Die New Yorker Architekten waren beunruhigt durch den plötzliche Einfluss von Konstruktivisten. Die New Yorker zögerten nicht, das Design des Pools zu kritisieren. Sie waren nun alle gegen die Moderne, sie alle beschwerten sich, der Pool sei so verbindlich, so rechtwinklig, so wenig abenteuerlich, so langweilig; es gäbe keine historischen Anspielungen; keinerlei Dekorationen; es gäbe keinen Schnitt, keine Spannung, keinen Witz- nur gerade Linien, rechte Winkel, nur die eintönige Farbe des Rostes.
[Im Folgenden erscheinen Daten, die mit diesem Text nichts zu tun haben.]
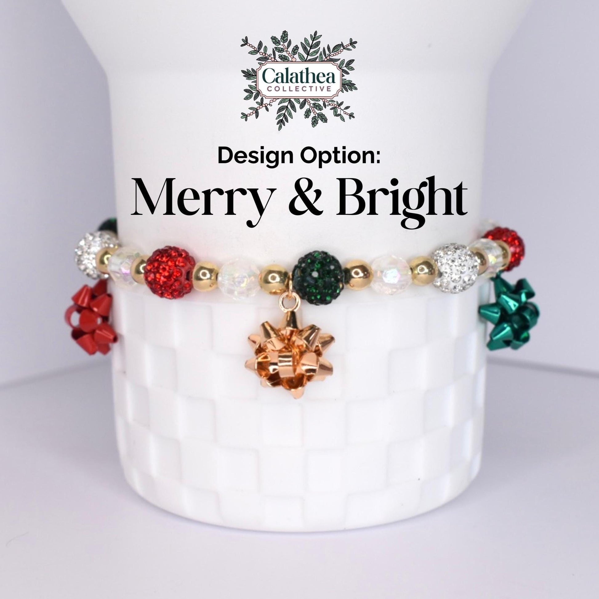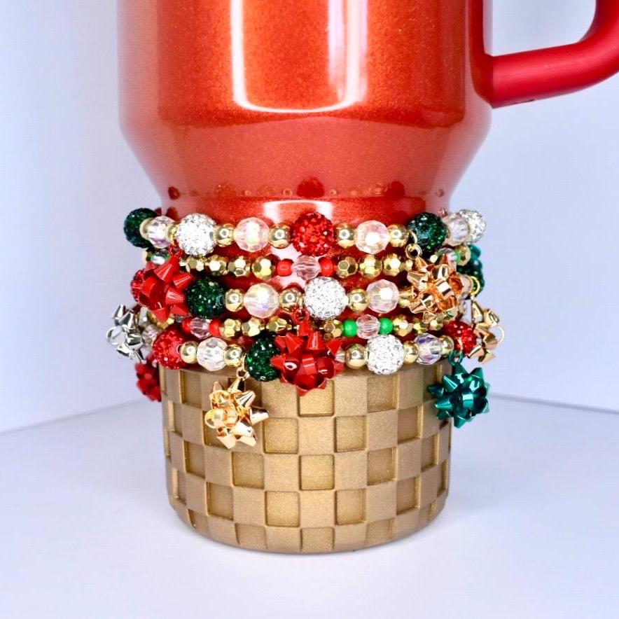 Celebrate the season in style with this Holiday Bracelet Stack—a festive accessory for your tumbler or wrist. Think bright reds, lush greens, glitter accents, and adorable mini gift bow charms. Each bracelet is handcrafted to bring a dash of holiday magic wherever you go.

In seiner ruchlosen Einfachheit bedrohte der Pool sie.

Dennoch, wohl um den Konstruktivismus hinter sich zu bringen, entschieden sich die New Yorker, den sogenannten Kollegen eine kollektive Medaille in einer unscheinbaren Zeremonie am Ufer zu verleihen. Vor dem Hintergrund der Skyline hielt der Sprecher der New Yorker Architekten eine gnädige Rede. Die Medaille trüge eine alte Inschrift aus den Dreißigern, ermahnte er die Schwimmer. Sie wäre nun nicht mehr relevant, sagte er, aber keiner der gegenwärtigen Architekten von Manhattan war fähig sich ein neues Motto ausdenken zu können.

Die Russen lasen. Es lautete: "Es gibt keinen einfachen Weg von der Erde zu den Sternen." Während er in den sternklaren Himmel blickte, der sich im engen Rechteck ihres Pools spiegelte, antwortete einer der Architekten/Rettungsschwimmer, noch von der letzten Schwimmbahn tropfend, für sie alle: "Wir kamen gerade von Moskau nach New York...."
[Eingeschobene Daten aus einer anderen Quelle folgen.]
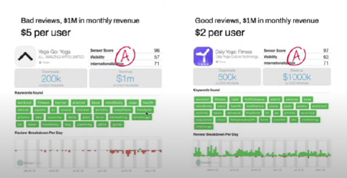 As we can see from the comparison, the apps are almost identical. Each of them received around $1m in profits in a month and performed great, but one app had bad reviews and paid $5 per user while getting 200 downloads, the other paid less — $2 per user, and had 500 downloads and great reviews. Still, their revenues are the same. It means that the first app did better in sales.

Darauf tauchten sie ins Wasser und nahmen ihre vertraute Formation ein.

Normalerweise bekommen Sie ja bei bestandener Prüfung ein Abzeichen.
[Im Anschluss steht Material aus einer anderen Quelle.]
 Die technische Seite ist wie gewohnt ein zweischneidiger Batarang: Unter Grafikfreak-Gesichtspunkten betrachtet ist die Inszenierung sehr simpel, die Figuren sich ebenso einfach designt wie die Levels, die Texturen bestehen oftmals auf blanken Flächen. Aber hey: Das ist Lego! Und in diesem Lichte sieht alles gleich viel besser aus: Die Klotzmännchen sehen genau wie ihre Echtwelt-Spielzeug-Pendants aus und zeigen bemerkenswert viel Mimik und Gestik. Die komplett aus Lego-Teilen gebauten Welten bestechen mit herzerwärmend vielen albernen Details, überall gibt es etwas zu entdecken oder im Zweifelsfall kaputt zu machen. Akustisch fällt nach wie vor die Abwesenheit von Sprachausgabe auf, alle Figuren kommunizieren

Ein Zeichen dafür, dass sie es geschafft haben. Dass sie sich frei geschwommen haben. Sie erinnern sich vielleicht, so ein kleine blaue Welle auf weissem Rund, was man dann ganz stolz auf der ebenso blauen Kinderbadehose trug.

Nun sie haben Sich ja auch freigeschwommen und sind nun vollkommen frei auf solche Statussymbole zu verzichten.

Dafür bekommen sie von uns eine Freikarte . . .

In der Ausgestaltung und Benutzung haben Sie entsprechend ihrem Freischwimmvermögen die Freie Auswahl . . .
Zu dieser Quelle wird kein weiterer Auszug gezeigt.